For a woman it’s someone thinner, prettier, or who has the most things. But what about being happy with what you have and making the most of it. I am simply me. I barely reach 5 feet 6 inches (unless we count heels). I am not rail thin, nor obese. I refuse to base my value on the external things. The woman I see in the mirror, I am stuck with her for life. I can spend all my time trying to change her looks or look inside and ask God to beautify my heart. To someone else I may be beautiful, pretty or just okay. None of that matters, for beauty is fleeting and fades with each passing day. At least if you rely on the world standards. I would rather have a heart that is kind, loving, and be known for being a caring human being. That constitutes real beauty to me. As far as possessions they will come and go. The goal of having them is hopefully to share them, as there are many people in this world who have much less. I am thankful for everything God has given and it may not be what anyone else has. He supplies all that I need and some of what I want. I know that what I have does not make me who I am or better or less than anyone else.
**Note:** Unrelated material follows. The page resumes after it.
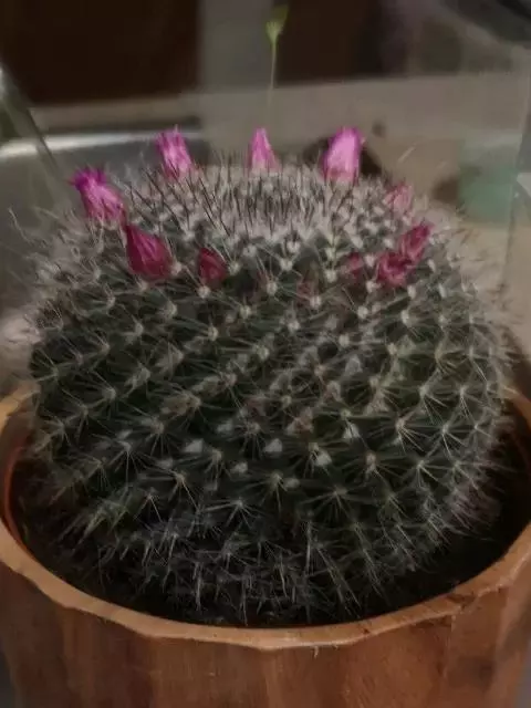 江守玉为仙人掌科强刺球属,植株扁圆形至球形,后成圆柱状,体色灰绿,刺座上附生白色绒毛,花橙黄色,漏…

So in closing I am simply me. I dare not compare myself to anyone else. I have to believe that God was wise enough to make me the way He wanted me to be. I choose to believe Him when He says I am loved, accepted, cherished, set apart, beautifully and wonderfully made (Psalm 139). I mean He did create the Heavens and the Earth and there are some incredible breath-taking sights in the world, all hand painted and handcrafted by the One who called it all good. So I trust Him in what He says and accept who I am. I know He is walking me along a path to become the woman He called me to be.